Parent Plus Loan Program: Too much of a good thing?

The Parent Plus loan has long been a popular choice for parents that want to help pay for their child’s college education. The fixed interest rate and repayment options in the Plus loan offer parents a viable financing option. However some parents might be getting in over their head.

Recent articles from Next Student Loan Blog and U.S. News and World Reports review statistics released in a report by Mark Kantrowitz, publisher of Finaid.org.

The report compares the 2007-2008 plus loan approval rates for the Direct Loan Program and the Federal Family Education Loan Program (FFELP). At that time the Plus loan denial rates were 42% in FFELP and 21% in Direct Loans. This is a drastic difference in denial rates.

As mentioned in an earlier blog post , the Direct Loan program took over all FFELP loan processing as of July 1, 2010. This trend for approvals in Parent Plus loans will most likely continue under the Direct Loan program.

The reason why The Direct Loans Program approves at a high rate is because of the way they observe the credit check criteria. The Plus Loan approval criteria under Direct Loans looks for any delinquent accounts only within the past ninety days of the credit report. Under FFELP, loan processors could deny a Parent Plus Loan if there were any 90 day bill delinquencies in the past 5 years. FFELP used a more stringent credit criteria and denied many more borrowers than Direct Loans.

This has a big impact on Stafford Loan eligibility. As mentioned in an earlier blog post, when a parent is credit denied for a plus loan the student becomes eligible for an additional $4,000 Unsubsidized Stafford Loan if they are a Freshman or Sophomore and $5,000 if they are a Junior or Senior.

Over the years, many parents with outstanding credit issues would routinely apply for Parent Plus loans with the intention of getting denied. This would allow the student to qualify for the extra stafford loan.

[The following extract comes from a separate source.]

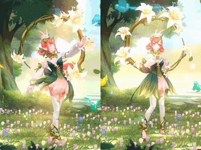 肆季花仙子时装 繁花翠木元气满满 赛季专属时装[花仙子],让肆季穿上了碧绿叶片和淡粉花瓣交织成的短裙,加上如百合花盛开的衣衫和笼袖,透着清爽可人的感觉。此外,粉色飘逸长发则让肆季元气感满满,而头上枝叶与花朵交织成的头饰,犹如蝴蝶蹁跹的脚部装饰,由枝条缠绕而成的金刚琢,更是全方位让宝具狂人变成了花草的精灵!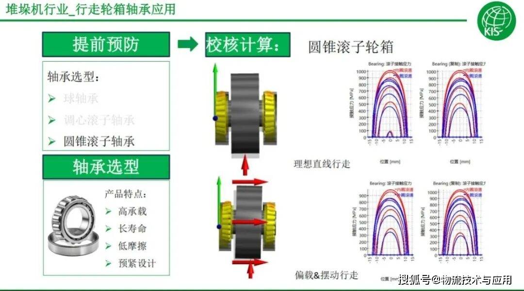 KIS通过专业的应用分析软件,以及应用工程师经验,可以帮助客户去做最小型、最优的轴承的选择。如,通过线形图可以分析哪些滚动体受力、有几个滚动体受力、每个滚动体表面的应力是多少?从而选择最合适的轴承。在实际使用过程中,调心轮箱会分为固定端和浮动端,浮动端可以随着受力达到均衡受力,但固定端有可能会出现力的偏载,可以通过演算模拟来选择轴承,从而达到比较稳定的状态。具体到轮箱轴承的选型,有球轴承、调心轴承、圆锥轴承等等,根据不同的速度和承载来进行针对性选择。也就是轴承特性的不同,决定着在不同工况下应该选择什么样的产品。

Parents that were anticipating a denial may now be approved for Parent Plus loans even if they are on the verge of bankruptcy or unemployed.

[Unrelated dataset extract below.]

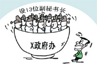 | 類似上述副秘書長、副市長成群的現(xiàn)象,并不是個別的。湖南有個縣有10個副縣長和4個縣長助理。安徽也有一貧困縣設(shè)10個副縣長。不久前,新華網(wǎng)又報道說,廣東清遠(yuǎn)鹽業(yè)公司擬提拔5人為中層干部。這個只有45名職工的公司干部將達(dá)28人,這意味著28位領(lǐng)導(dǎo)僅指揮著17名職工,即領(lǐng)導(dǎo)和被領(lǐng)導(dǎo)的比例約為1.6:1。官多兵少,如此比例,堪稱一絕?!〈罅Ψ锤酶锶吖?,給地方政府“瘦身”,此其時矣!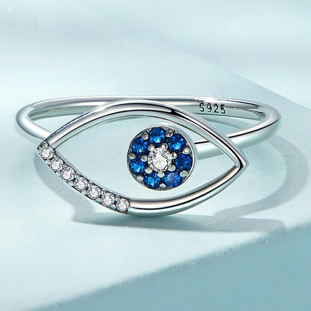 Gold Over 925 Sterling Silver Adjustable Evil Eye Ring with Sapphire and Moissanite, Sterling Silver Protection Band, Jewelry for Women

Parents must now carefully consider their ability to repay. Plus loans, like all student loans are not dischargeable in bankruptcy except in extreme circumstances. They begin repayment while the student is in school.

If a parent is unexpectedly approved for a Parent Plus loan and do not want it they can cancel the request altogether, but the student will not be able to access an additional unsubsidized stafford loan.

When a parent is permanently disabled or otherwise unable to earn income to repay a Plus loan, but is approved regardless, they should submit a written appeal to the school’s financial aid office explaining so. After review, the financial aid office can intervene with the Direct Loan program by overriding the Plus loan approval. Proof of disability and proper documentation will be required.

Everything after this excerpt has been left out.